The last time Madonna came to town, Beth Ingebretson missed the concert after hitting that most impenetrable of roadblocks: Mom's disapproval.
"My dad was willing to let me go, but not Mom," lamented Ingebretson, who was 9 at the time.
Like most of the lifelong Material Girls who vogued their way into downtown St. Paul Saturday for Madonna's first Twin Cities show in 25 years, Ingebretson wasn't letting anything keep her away this time. Not the $47 to $380 ticket prices. Not the mocking jabs from her brother and co-workers. Not even her own disagreement with some of the singer's frequently voiced political beliefs.
"She says and does whatever she wants, and that's why we love her," said Ingebretson, 34, who's now free to do whatever she wants, too. She has traveled to Chicago five times in the past 11 years to see her favorite pop star -- but this time is different, she said. "We've been waiting so long for her to come back. This is like a big release for us."
That pent-up excitement made for quite a celebration around Xcel Energy Center, where Madonna performs again Sunday. Tutu-like skirts mixed with gold lamé tops and Madonna T-shirts as fans broke out their old "Like a Virgin" or "Like a Prayer"-era looks.
David Gardner, 32, wore a sweatshirt from her current outing, the MDNA Tour, having already seen the show in his native Toronto. He said he traveled to the Twin Cities to see it again because of the 25-year wait here: "I figure the fans are going to be more hungry."
While the retro-'80s attire harkened back to that bygone era when a mouthy diva from Detroit singing the V-word was the scariest thing in pop, it also underlined how much things have changed for Madonna's core audience.
Many of the Material Girls who once had to get Mom's approval are now mothers themselves.
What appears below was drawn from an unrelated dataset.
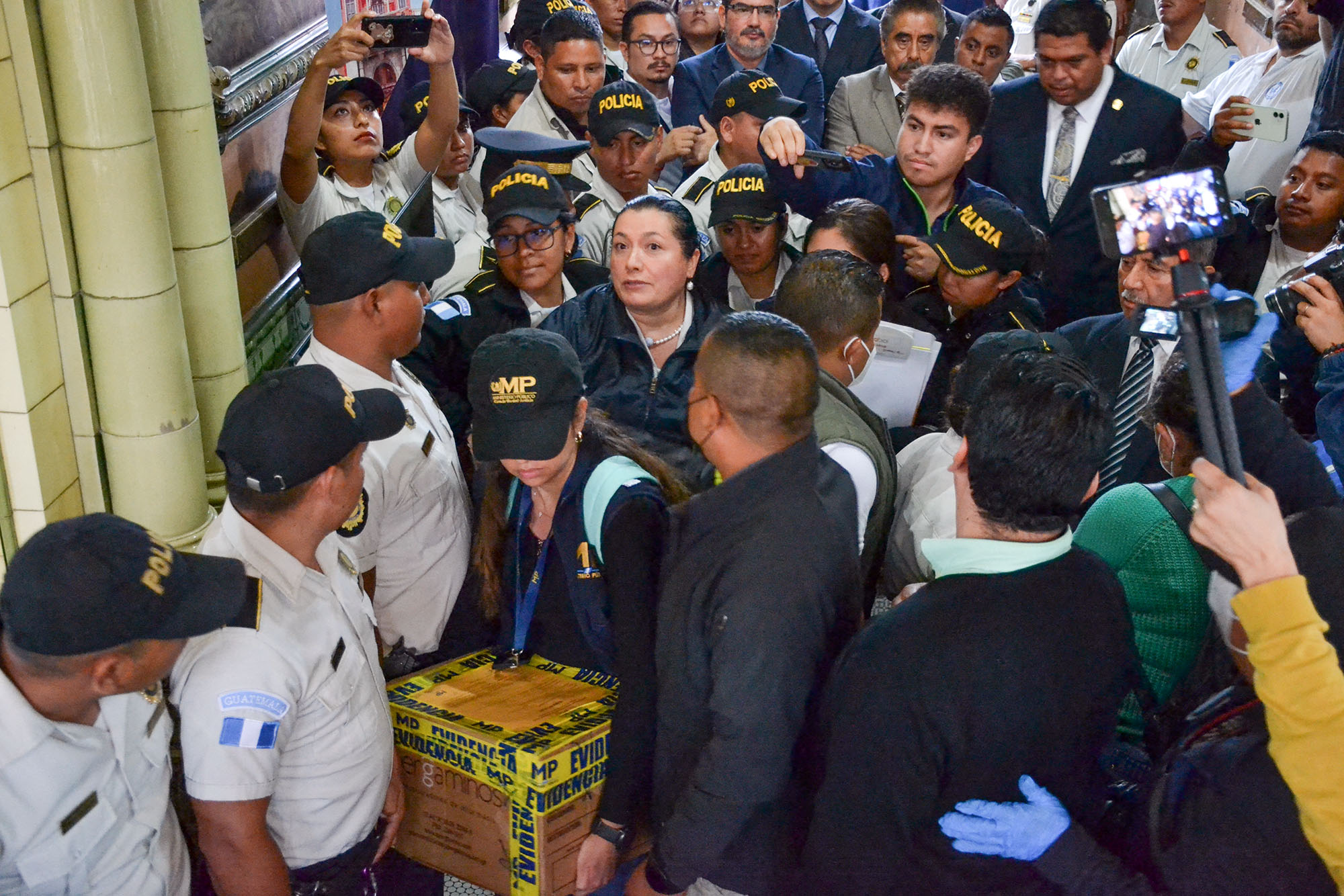 Fiscales del Ministerio Público retiran cajas con actas de escrutinio de las elecciones, durante allanamiento en la sede del Tribunal Supremo Electoral de Guatemala (30.09.2023).

Instead of messing up their hair with Aquanet and dying their lacy skirts, they had to get a baby sitter and maybe see to another dye job. Instead of saving up their allowance, they had to break out a credit card and pay as much as 10 times the 1987 ticket prices ($22-$37).
Kelly Koehnen wore the "Like a Virgin" T-shirt she bought at age 15 at Madonna's Twin Cities debut in 1985, and brought her own 15-year-old daughter, Michelle.
"Maybe in 15 more years, she can bring her daughter," Koehnen said sweetly, drawing an eye-roll from Michelle, who did say she likes Madge as much as Lady Gaga.
Laura Condon Leventhal, a Minneapolis mother of boys ages 6 and 4, bought tickets with her best friend from junior high, who also accompanied her to a Madonna show in the '80s.
"A lot of people are mad she isn't doing more of those old songs," she said, "but I'm actually interested in seeing the New Madonna that I've missed since I redirected my life to kids and 'Sesame Street' and whatnot."
Excitement around this weekend’s concerts also ran high among the gay men who make up another big chunk of Madonna’s crowd — and have also seen plenty of change in 25 years. Instead of the conservative tone and AIDS crisis that defined the era around her last concert here, they celebrated openly Saturday and came out heavily dressed in “vote no” attire.
From the stage, Madonna addressed Minnesota's proposed amendment banning same-sex marriage when she led the crowd in a "vote no" chant mid-concert. "We live in a democracy," she said. "You can marry who you want."
And yes, there were a few men in the crowd who dressed like her, too.
"She's worth getting dolled up for," said Matt Fever, who performed as his drag-queen persona Krystal Kleer at a concert pre-party Friday at Camp, a St. Paul bar. He then watched the Queen herself perform Saturday night and is headed to Sunday's show, too.
Having seen her '87 show in St. Paul when he was 16 and several Chicago shows since then, Fever noted how his appreciation for Madonna has evolved over the years: "I just liked her voice and her look back then," he said. "Now, I love who she's become: an outspoken activist, a mother of two adopted kids and just one of those rare icons."
As for superfan Ingebretson, she grudgingly admits her mom was right in not letting her see the show at age 9. However, she thinks some people have the wrong perception of Madonna and she expects these shows to remedy that.
"A lot of the naysayers around here are going to change their tune. You haven't really seen Madonna until you've seen her perform."
They had to wait a little bit longer to finally see her Saturday. The Queen did not enter the building until 10:35 p.m., and she proceeded to blow fans away -- with guns. Her opening montage of "Revolver" and "Gang Bang" featured gun-toting dance routines and blood-splattering video.
Clearly, Madonna herself has changed a lot in 25 years, too.